Task objective ▸
Take the line with "キッチンワゴン スペーシア スライドスリムワゴン" and every line after it, through the end of the listing, and give them again exactly, pictures excluded.

Recorded data ▸
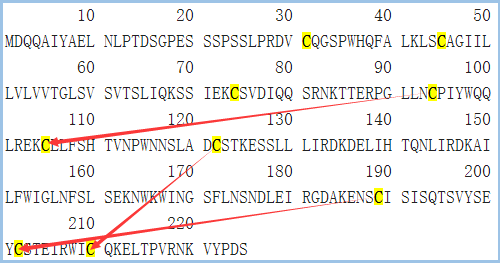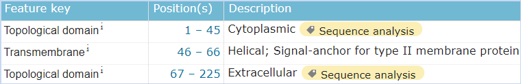 圖5 CD161的結(jié)構(gòu)信息,摘自Uniprot.org。CD161全長為225個氨基酸,保外域為67~225,其中含有3對鏈內(nèi)二硫鍵,并存在1個N糖基化位點。
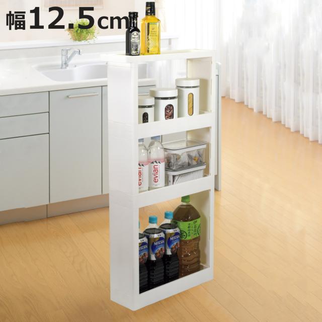 キッチンワゴン スペーシア スライドスリムワゴン 幅12.5cm 4段 ( キャスター付き 隙間収納 キッチン すきま収納 キッチンストッカー ストッカー スリム スリムストッカー ワゴン収納 キッチン収納 キッチン すきま収納)
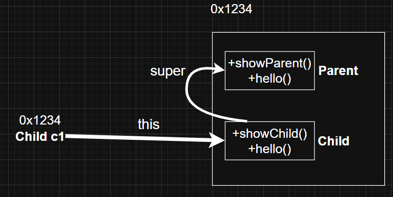 겉보기에는 Child 인스턴스 하나만 생성하는 것처럼 보이지만 내부에서는 부모 클래스인 Parent도 함께 생성이되고 서로 독립적인 공간을 점유한다.
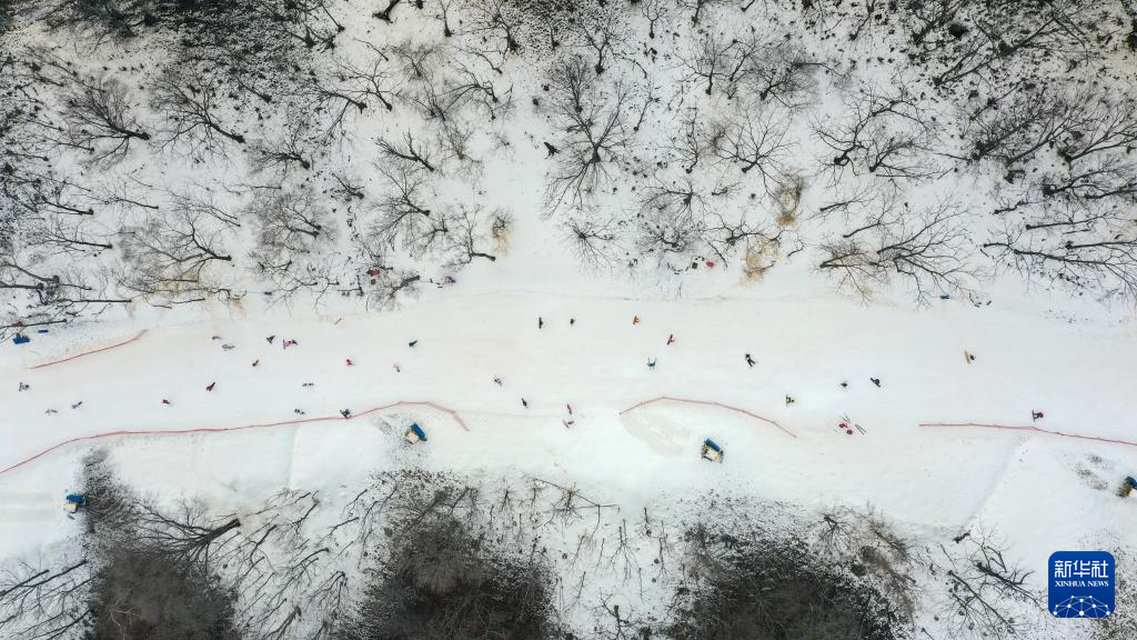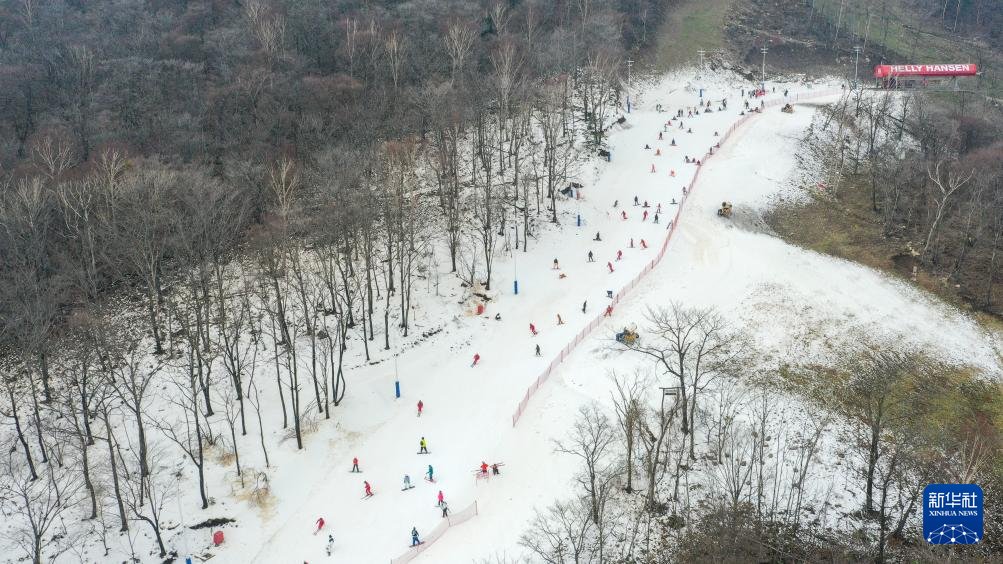 11月9日,滑雪爱好者在北大湖滑雪度假区滑雪(无人机照片)。

Written answer ▸
 キッチンワゴン スペーシア スライドスリムワゴン 幅12.5cm 4段 ( キャスター付き 隙間収納 キッチン すきま収納 キッチンストッカー ストッカー スリム スリムストッカー ワゴン収納 キッチン収納 キッチン すきま収納)
 겉보기에는 Child 인스턴스 하나만 생성하는 것처럼 보이지만 내부에서는 부모 클래스인 Parent도 함께 생성이되고 서로 독립적인 공간을 점유한다.
 11月9日,滑雪爱好者在北大湖滑雪度假区滑雪(无人机照片)。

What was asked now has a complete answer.